Mit Bescheid vom 8. März 2007 wies das Finanzamt die Berufung als verspätet zurück.

In dem Vorlageantrag vom 26. März 2007 gegen die zwischenzeitig gemäß § 299 BAO aufgehobene Berufungsvorentscheidung betreffend Zurückweisung der Berufung wies die Bw. darauf hin, dass gleichzeitig mit der am 22.12.2006 zur Post gegebenen Berufung ein Wiedereinsetzungsantrag gegen die Versäumung der Berufungsfrist eingebracht wurde; gegen den Bescheid des Finanzamtes vom 21.2.2007 (Zustellung am 7.3.2007), mit dem der Wiedereinsetzungsantrag abgewiesen wurde, steht bis 7.4.2007 das Rechtsmittel der Berufung offen und wird fristgerecht eingebracht werden.

In der gegen den Bescheid betreffend Abweisung des Wiedereinsetzungsantrages gemäß § 308 BAO erhobenen Berufung wiederholte die Bw. ihr Vorbringen und legte Unterlagen vor allem über die Organisationsabläufe in der Rechtsanwaltskanzlei vor.

Weitere Vorbringen

Zum Vorhalt der beabsichtigten Entscheidung vom 18. September 2007 stimmte das Finanzamt am 8. Oktober 2007 der beabsichtigten Erledigung zu.
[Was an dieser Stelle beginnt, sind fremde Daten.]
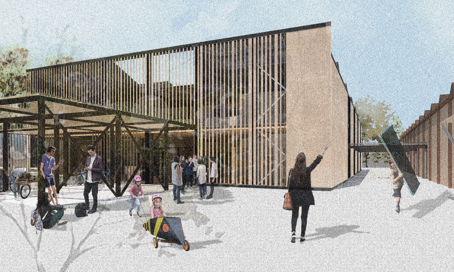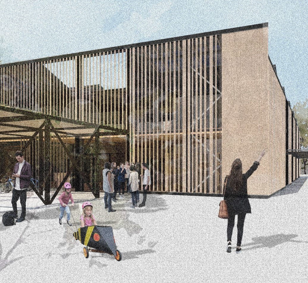 Exterior render of the main entrance of the Institute on the public square.

Die Bw. gab dazu keine Stellungnahme ab, sondern ersuchte mit Schreiben vom 24. Oktober 2007 um Anberaumung eines Erörterungsgesprächs und Ladung des Vaters des Parteienvertreters, VaterB1 als Zeugen.

Der Parteienvertreter erstattete im Erörterungsgespräch zur Sache selbst ein weiteres Vorbringen: dass die Rentenversicherung vom Erblasser als reine Unterhaltsvorsorge für seine Frau ohne jeglichen Bereicherungswillen gedacht war und auch tatsächlich nach seinem Tod zur Bedeckung eines Unterhaltes der auf ein Leben in einem Pensionistenheim beschränkt sei und keineswegs dem weitaus aufwändigeren Lebensstandard des Ehepaares entspricht, notwendig ist. Der Parteienvertreter wies darauf hin, dass im konkreten Fall durch die Rente unter Berücksichtigung des sonstigen Einkommens der Bw. keineswegs für die Aufrechterhaltung eines den bisherigen Lebensverhältnissen gemeinsam mit dem Verstorbenen entsprechenden Lebensstandard gesorgt ist, sodass eine Bereicherung schon denkunmöglich vorliegen kann, da die Bw. selbst empfindliche Einschränkungen in ihrer Lebensführung hinnehmen muss. Darüber hinaus gebühre der Bw. gegenüber ihrem Mann gem. § 796 ABGB jedenfalls der mangelnde anständige Unterhalt. Mit der streitgegenständlichen Rentenversicherung hat der Verstorbene schon zu Lebzeiten für diesen anständigen gesetzlichen Unterhalt der Bw. gesorgt, sodass durch die Erfüllung dieser moralischen Verpflichtung ein Bereicherungswille beim Verstorbenen auszuschließen ist. Nach § 796 ABGB richtet sich der gesetzliche Unterhaltsanspruch nach den Lebensverhältnissen der Ehegatten. Nachdem im konkreten Fall mit der Regelung der Rentenversicherung auch unter Berücksichtigung der sonstigen Einkünfte keineswegs der bisherige Lebensstandard weitergeführt werden kann, gehe die Rentenversicherung keinesfalls über den gesetzlichen Unterhaltsanspruch hinaus.

Beweis wurde erhoben

durch Vernehmung des Parteienvertreters B1 am 2. August und am 5. September 2007,

durch Einsicht und in die vom Parteienvertreter vorgelegten Auszüge, Kopien und Ausdrucke aus den Büchern und Computersoftwares betreffend Termin- und Fristenüberwachung in der Anwaltskanzlei,

durch den Vorhalt der beabsichtigten Entscheidung vom 18. September 2007 an die Bw. und an das Finanzamt,

durch Erörterungsgespräch vom 23. Jänner 2008,

durch Zeugeneinvernahme von VaterB1 am 23. Jänner 2008,

durch Einsicht in den Einkommensteuerakt der Bw. StNr. S10, und in den Verlassenschaftsakt nach B , gest. November 2005 des Bezirksgericht S11, in die von der Bw. dem UFS überreichten Belege des Seniorenheimes S12 und der Z. Versicherung.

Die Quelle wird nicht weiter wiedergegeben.